Music 286R Listening, Creativity, and Imagination

Ryen Bani-Hashemi, Untitled Project Abstract

My project is a soundscape composition, specifically in a documentary form that investigates how Islamophobia and western militarism have contributed novel sounds and modes of thinking since the 1940s and especially in the post-9/11 era. I was inspired by my autoethnography response and the desire to connect specifically with my mother’s experiences as an Iranian immigrant to the US during a period of sustained hostility against Iranians and Middle Easterners more broadly. The piece is also inspired by my research with the HLS Program on International Law and Armed Conflict, through which I have been analyzing communications by states asserting their right to armed self-defense against amorphous conceptions like “the terrorists”,[1] often resulting in catastrophic and grossly disproportionate interventions in the Middle East and North Africa.

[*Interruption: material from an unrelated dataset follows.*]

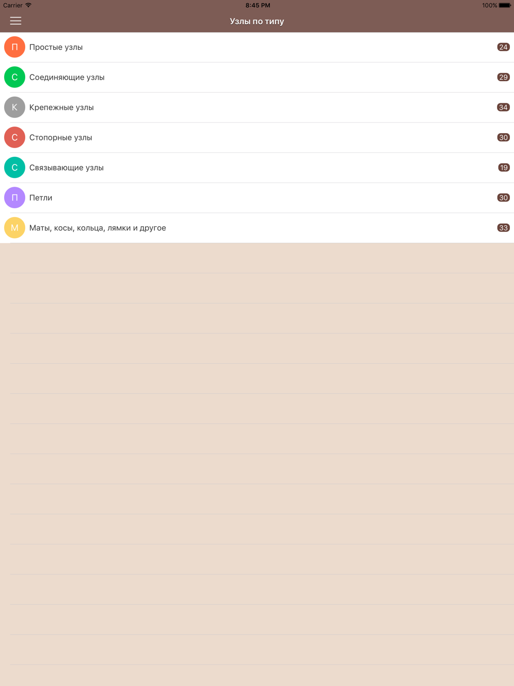 Приложение «Справочник узлов » - это справочник, в котором описаны узлы, применяемые в альпинизме, туризме, морском деле или на рыбалке, а также в быту. Справочник узлов имеет удобную навигацию, узлы разбиты на "узлы по типу": простые узлы, соединяющие узлы, крепежные узлы, стопорные узлы, связывающие узлы, пели, маты, косы, кольца, лямки; "узлы по области применения": рыбная ловля, лодочный спорт(мореплавание), спелеология(альпинизм), туризм, узлы общего назначения. Справочник дополнен интересной и познавательной информацией об узлах. В приложении реализован поиск узлов по наименованию.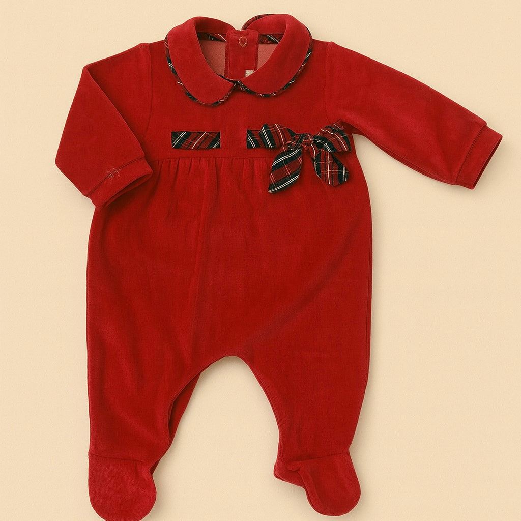 Morbida tutina in ciniglia rosso vivo, calda e avvolgente, ideale per il periodo delle feste. Il colletto tondo e i dettagli in tessuto scozzese — applicati sul petto e nel fiocco laterale — donano un tocco elegante e tradizionale, perfetto per l’atmosfera natalizia.

From the speech of political leaders preaching a “battle of ideas”, to the sounds of discriminatory airport security procedures, and the mosquito-like buzzing of drones or the deafening IDF “sonic booms”, the rise of Islamophobia and US military responses have contributed a destructive element to the soundscapes of the Middle East and much of Africa. This project aims to draw attention to, and critique, the mainstream Islamophobic mindset in the west and its substantive applications abroad. It ultimately aims to clarify how a particular bias and manifestation of stereotyping contributes to the world we live in today.

The attached image is a screenshot of my project in a DAW. IT incorporates sounds from YouTube, the BBC sound archive, and my own recordings.
 
[1] UN Doc. S/2001/1275 (December 27, 2001).